Friday, July 01, 2022

Who Models the Modeler?

This sounds reasonable: in addition to the two ontological ternaries discussed in the last couple of posts (∆ and ), Schuon describes a third type, this one founded

not on the union of two complementary poles with a view to a third element, either higher or lower, or inward or outward, but on the qualitative aspects of space measured from the starting point of a consciousness which is situated within it.

In other words, a line from the top to the bottom of the cosmos, with stations along the way. Which reminds me:

Intelligence is a train from which few do not deboard, one after the other, in successive stations (Dávila).

But first, realize that human beings arrived at these symbolic maps of the cosmos long before the existence of science. However, they retain their validity for at least a couple of reasons I can think of off the top of my obtuse triangle.

First, thanks to Gödel, we know going in that no merely scientific theory will ever provide a complete and consistent model of the universe, and that ultimately

it is intrinsically impossible to know from the universe that the universe can only be what it is. Normal experience is sufficient to to show most of us that our human limitations will never allow us to learn everything about ourselves and the universe (Ross).

But humans easily escape the clutches of Gödel, since we know that no a priori model or deductive system or mathematical recipe can ever contain us. 

Thus, we know in principle there will never be a scientific "theory of everything," although, at the same time, we can know there is and must be a transcendent source of everything. But since we are free, we are of course free to not know this, and to keep pretending science can account for itself.

Now, the second reason I can think of (for the validity of the visual analogues we've been discussing) is that we are equipped with a left brain and a right brain, and the productions of the latter can never be reduced to, or contained by, the former. (There are numerous reasons for this, but let's just say that semantics cannot be reduced to syntax; and that "a picture contains ∞ words.")

Having these distinct modes of consciousness is precisely one of  the features that makes us human, and the two are complementary, not antagonistic or contradictory. They allow -- I would say demand -- a higher synthesis, although, at the same time, we have to be careful to avoid lapsing into a right-brained synthesis without realizing it.
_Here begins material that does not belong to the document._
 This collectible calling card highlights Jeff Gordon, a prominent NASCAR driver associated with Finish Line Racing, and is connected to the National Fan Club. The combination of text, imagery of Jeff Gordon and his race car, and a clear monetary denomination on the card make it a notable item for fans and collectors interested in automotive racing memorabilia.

What I mean is that there is no way we can avoid imagining How Things Are. Scientism, for example, naively imagines How Things Are, but promptly forgets it is only imagining, and that the model is -- obviously -- not the reality. 
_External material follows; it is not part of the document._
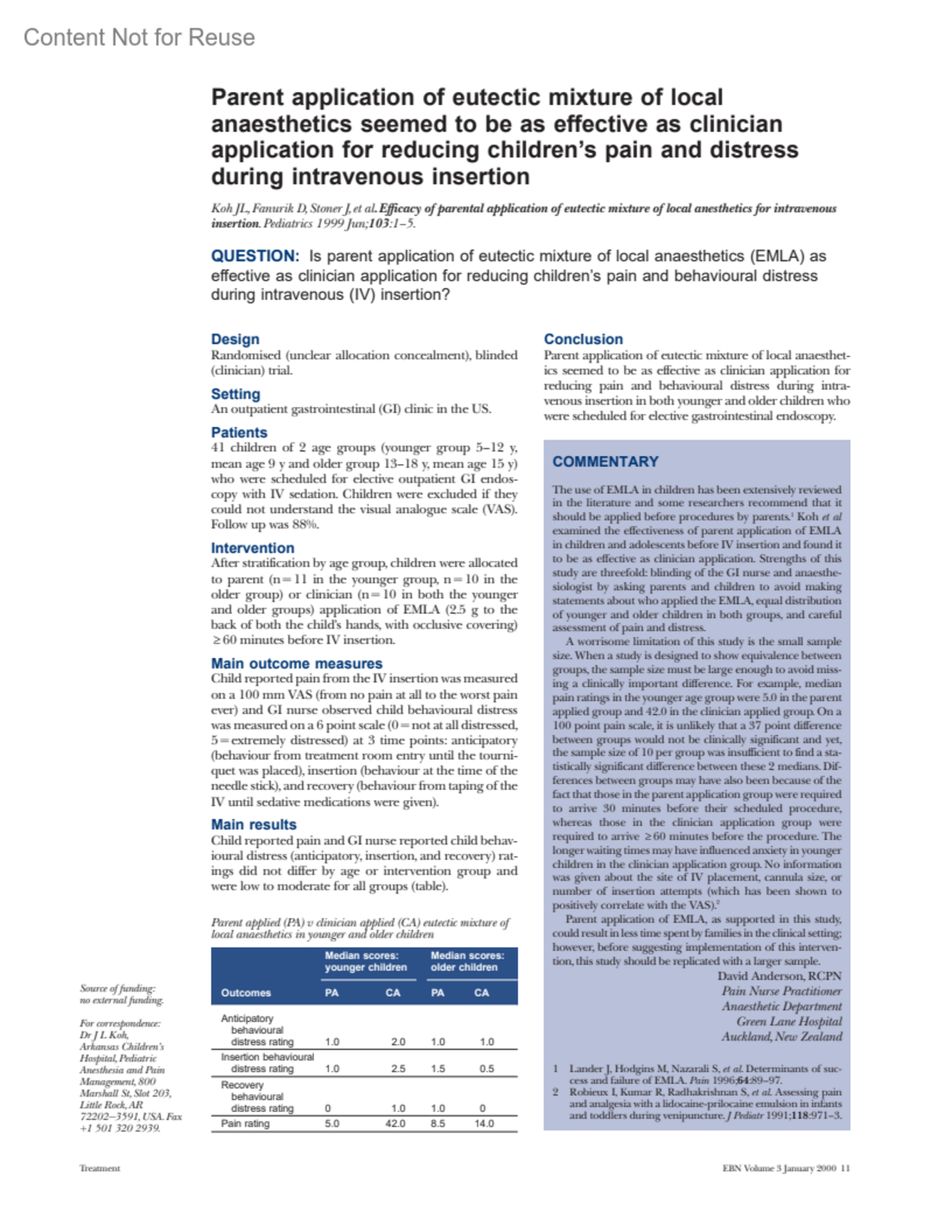 Parent application of eutectic mixture of local anaesthetics seemed to be as effective as clinician application for reducing children's pain and distress during intravenous insertion

The same can be said of any ideological Ism, each one more naive than the last, from materialism to Darwinism to progressivism, whatever. For which reason the Aphorist says, for example, that

Within solely Marxist categories not even Marxism is explicable.

We could equally say that within solely materialist categories not even materialism is explicable, that relativism isn't even wrong, and that Darwinism can't account for Darwin or any other immaterial living soul.  

Let me pause for an important announcement or clarification: the world does not appear to us the way it appears because we have left and right brains; rather, vice versa: we have this left-and-right brain complementarity because Ultimate Reality is the way it is. 

Therefore, our most adequate model of the world will be a combination of math and poetry, or geometry and music; and in the last unalysis, Truth is symphonic. Let those with ears hear -- in vertical stereo! Or better, 3.0 surround.

What's that supposed to mean? Besides low blood sugar? 

Let's go back to what Schuon was saying in paragraph two about the third type of ternary: it suggests an "ascending dimension or lightness, descending dimension or heaviness, [and a] horizontal dimension open to both influences" (emphasis mine).

First question: is this real, or just a model? Obviously both, because it is a kind of model that describes (among others) how those vertical murmurandoms reach us from beyond the model. It very much reminds me of how the Aphorist characterizes revelation:

The Bible is not the voice of God but that of the man who encounters Him.

Moreover, 

God is not an inane compensation for lost reality, but the horizon surrounding the summits of conquered reality.

The ternary described by Schuon is very experience-near, in that we can't help being subjectively aware of a cosmos with ascending and descending energies; as human beings we are uniquely free to surf either current, i.e., waves of truth, love, beauty, virtue, and unity; or of consoling lies, pleasurable hatreds, ugliness masquerading as art, virtue signaling pretending to be virtue, and tribal division in thrall to various transdimensional powers, principalities, and dominions. 

That's enough for today.  

19 comments:

julie said...

The Bible is not the voice of God but that of the man who encounters Him.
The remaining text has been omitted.